Even if one were to subscribe to GreenTechMedia Research's numbers, only 57% of the market in 2016 is estimated to TPO products. In effect, the total available market for TPO products sold by SolarCity, SunRun (NASDAQ:RUN), Vivint Solar (NYSE:VSLR) and SunEdison (SUNE) is not growing as rapidly as the overall market. In this maturing residential solar market, SolarCity is desperately in need of a loan product.

Unfortunately for SolarCity's shareholders, this is not a winnable game for the company. Banks, with their tremendous cost of capital advantage compared to companies like SolarCity, will always offer superior and lower interest rate products. If and when SolarCity releases its new loan product, it is effectively doomed to be uncompetitive right off the bat.

While SolarCity's Q1 guidance likely comprehends the loss of the MyPower product line for the quarter, we believe the 2016 guidance is based on optimism about a new loan product that does not exist today and a product that will not be competitive when released. The other major challenge for SolarCity is that any new product that it comes out with is likely to have far worse theoretical IRR and NPV than the products it currently markets.
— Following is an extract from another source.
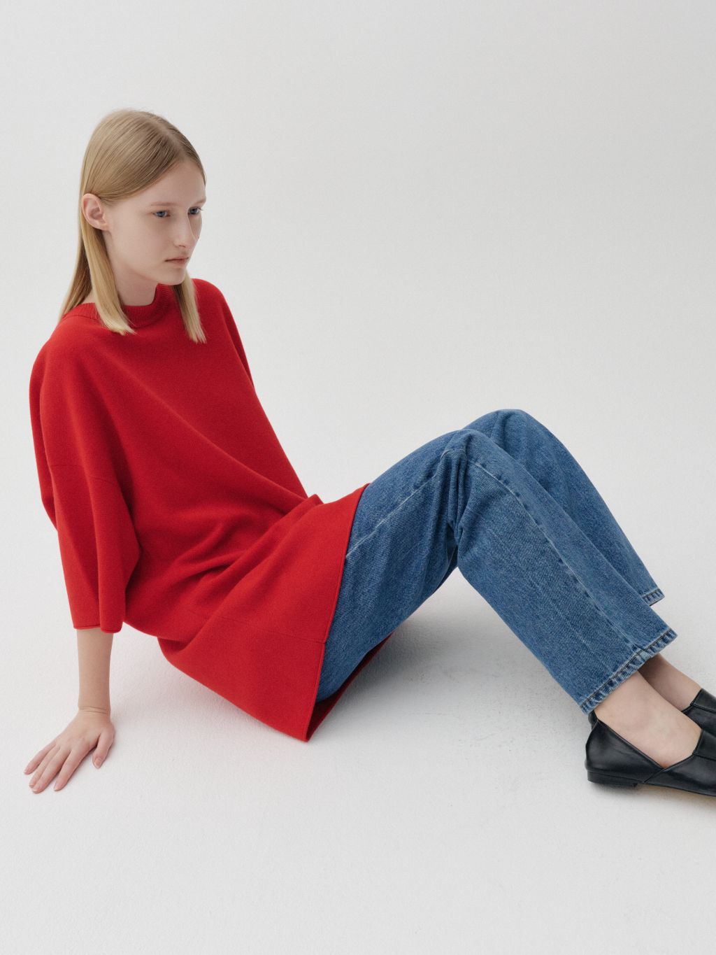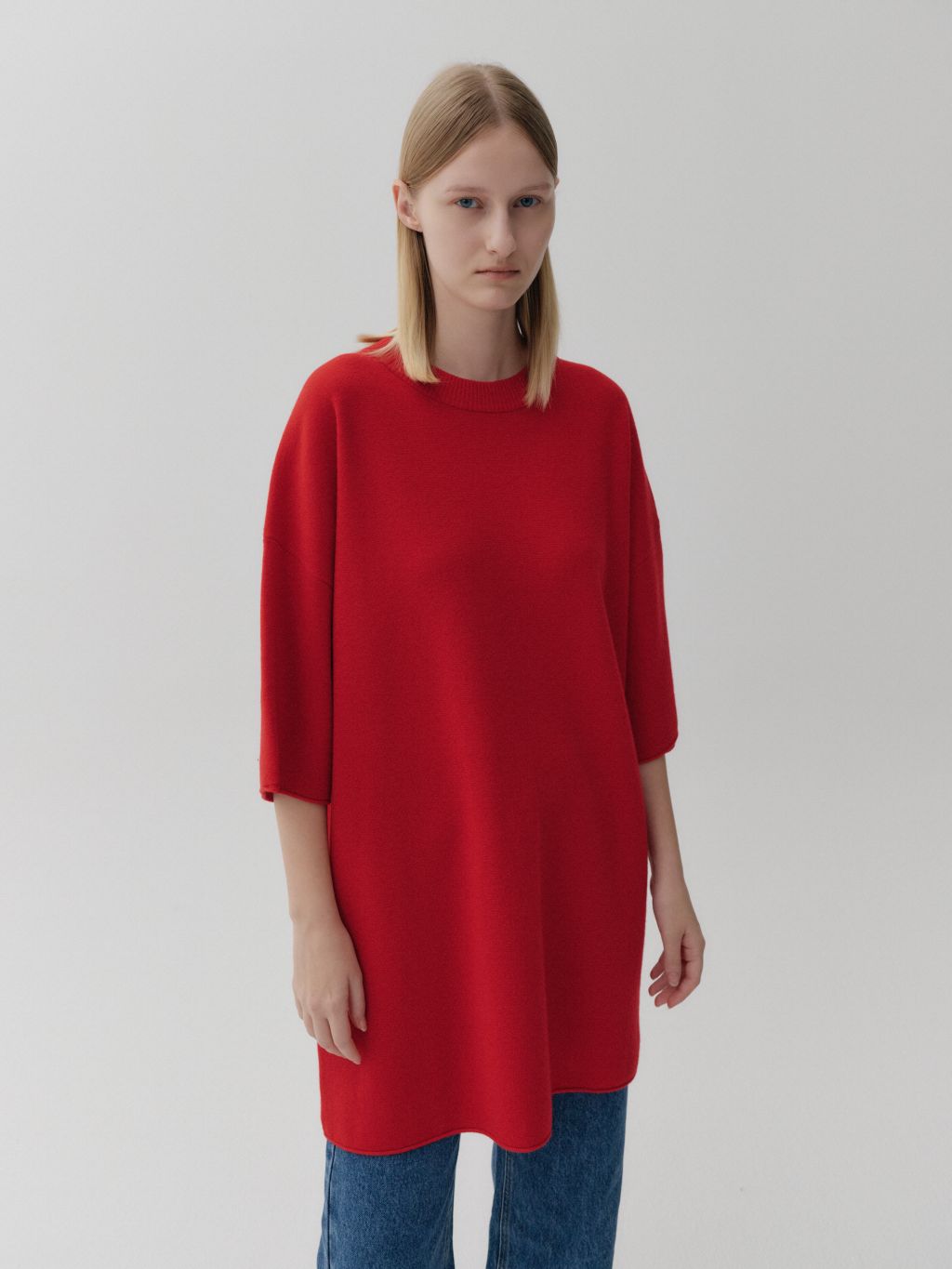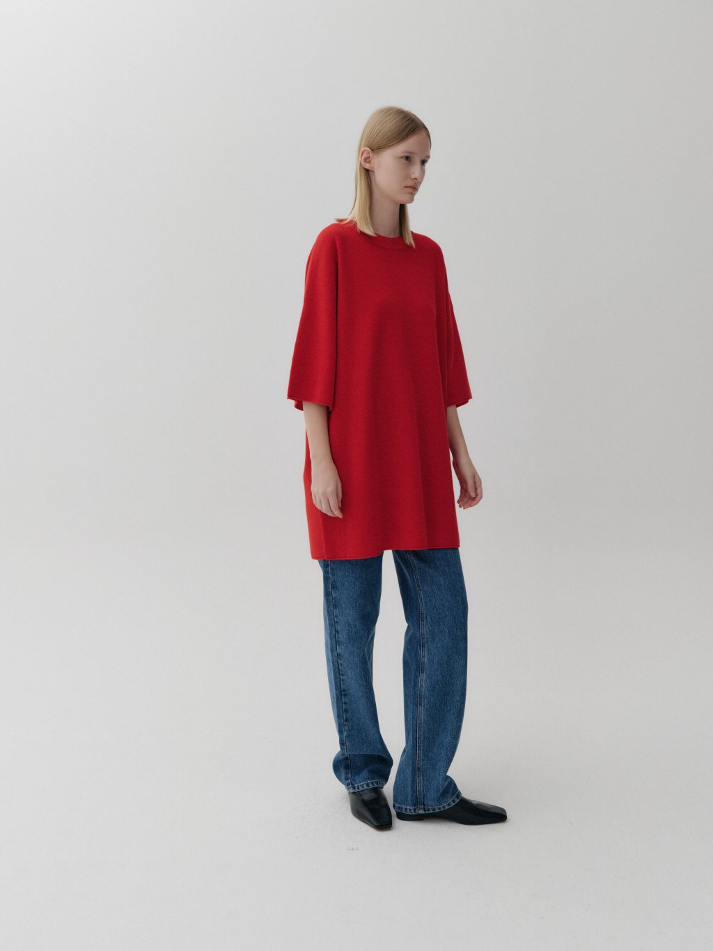 넉넉하게 떨어지는 하프 기장의 소매라인

When coupled with the fact that the incremental growth is likely to driven by the lower ASP commercial business and uncompetitive loan product, it no longer makes sense for investors to measure SolarCity by MW growth. Given the dynamics, we expect revenue growth to significantly lag MW growth. In fact, we believe there is a significant likelihood that 2016 will be a negative revenue growth year for SolarCity.

In terms of installed base, we have long maintained that the Company has negative value generation. While SolarCity proponents have contested our view as speculative, it now appears that between Nevada and MyPower about 10% of SolarCity's assets are demonstrably and seriously impaired. We expect the impairment on remaining assets will start becoming increasingly visible over time. The next major negative news on this front is likely to become public when SolarCity announces the sale of its first tranche of assets. However, it is also likely that bad news will come to fore as early as this week as SunEdison attempts to wrap or terminate its Vivint deal.

Summary

SolarCity's MyPower loan product is officially dead. The loss of MyPower and the pervasiveness of loan products in the market means that an increasing portion of the company's 2016 MWs will come from lower price commercial assets. Consequently, SolarCity could see its first declining revenue year in 2016.

Between MyPower and Nevada holdings, about 10% of the assets that SolarCity now holds on its balance sheet are seriously impaired. The remaining assets will start becoming unquestionably impaired as market dynamics change and as capital markets start assigning increasingly higher discount rates to these assets over time.

We continue to maintain that the equity is worthless. Our view of SCTY -- sell short.

Disclosure: I am/we are long SUNE.

I wrote this article myself, and it expresses my own opinions. I am not receiving compensation for it (other than from Seeking Alpha). I have no business relationship with any company whose stock is mentioned in this article.